Data shown >>
-- -- --
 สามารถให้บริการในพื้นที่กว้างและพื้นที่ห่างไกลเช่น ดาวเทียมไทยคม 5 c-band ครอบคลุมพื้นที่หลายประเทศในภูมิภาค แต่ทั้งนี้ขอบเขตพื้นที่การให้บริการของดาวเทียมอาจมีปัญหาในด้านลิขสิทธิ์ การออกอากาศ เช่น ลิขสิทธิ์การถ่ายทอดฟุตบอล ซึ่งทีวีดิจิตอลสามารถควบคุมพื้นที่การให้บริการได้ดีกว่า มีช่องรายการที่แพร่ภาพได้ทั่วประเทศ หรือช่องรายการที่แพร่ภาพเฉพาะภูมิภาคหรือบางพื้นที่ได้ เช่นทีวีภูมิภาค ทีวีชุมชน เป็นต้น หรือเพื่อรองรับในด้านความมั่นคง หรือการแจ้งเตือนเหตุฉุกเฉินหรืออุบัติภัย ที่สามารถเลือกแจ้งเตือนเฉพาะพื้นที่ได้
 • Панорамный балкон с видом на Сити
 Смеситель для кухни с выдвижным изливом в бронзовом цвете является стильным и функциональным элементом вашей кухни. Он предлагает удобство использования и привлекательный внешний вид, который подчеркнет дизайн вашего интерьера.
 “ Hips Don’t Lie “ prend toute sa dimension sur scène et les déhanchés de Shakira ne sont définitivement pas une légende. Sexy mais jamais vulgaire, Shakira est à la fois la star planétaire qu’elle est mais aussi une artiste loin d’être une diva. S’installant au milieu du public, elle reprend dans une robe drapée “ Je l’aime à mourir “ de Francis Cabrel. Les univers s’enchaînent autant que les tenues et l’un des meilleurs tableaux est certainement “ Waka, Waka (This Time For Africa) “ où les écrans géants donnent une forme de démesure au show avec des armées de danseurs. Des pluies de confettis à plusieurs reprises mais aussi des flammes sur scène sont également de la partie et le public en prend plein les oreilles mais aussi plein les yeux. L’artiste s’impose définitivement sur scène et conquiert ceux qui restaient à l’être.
-- -- --
What you are asked to do >> Reproduce the listing from the "видом на Сити" line onward, verbatim.

Solution to the exercise >>
 • Панорамный балкон с видом на Сити
 Смеситель для кухни с выдвижным изливом в бронзовом цвете является стильным и функциональным элементом вашей кухни. Он предлагает удобство использования и привлекательный внешний вид, который подчеркнет дизайн вашего интерьера.
 “ Hips Don’t Lie “ prend toute sa dimension sur scène et les déhanchés de Shakira ne sont définitivement pas une légende. Sexy mais jamais vulgaire, Shakira est à la fois la star planétaire qu’elle est mais aussi une artiste loin d’être une diva. S’installant au milieu du public, elle reprend dans une robe drapée “ Je l’aime à mourir “ de Francis Cabrel. Les univers s’enchaînent autant que les tenues et l’un des meilleurs tableaux est certainement “ Waka, Waka (This Time For Africa) “ où les écrans géants donnent une forme de démesure au show avec des armées de danseurs. Des pluies de confettis à plusieurs reprises mais aussi des flammes sur scène sont également de la partie et le public en prend plein les oreilles mais aussi plein les yeux. L’artiste s’impose définitivement sur scène et conquiert ceux qui restaient à l’être.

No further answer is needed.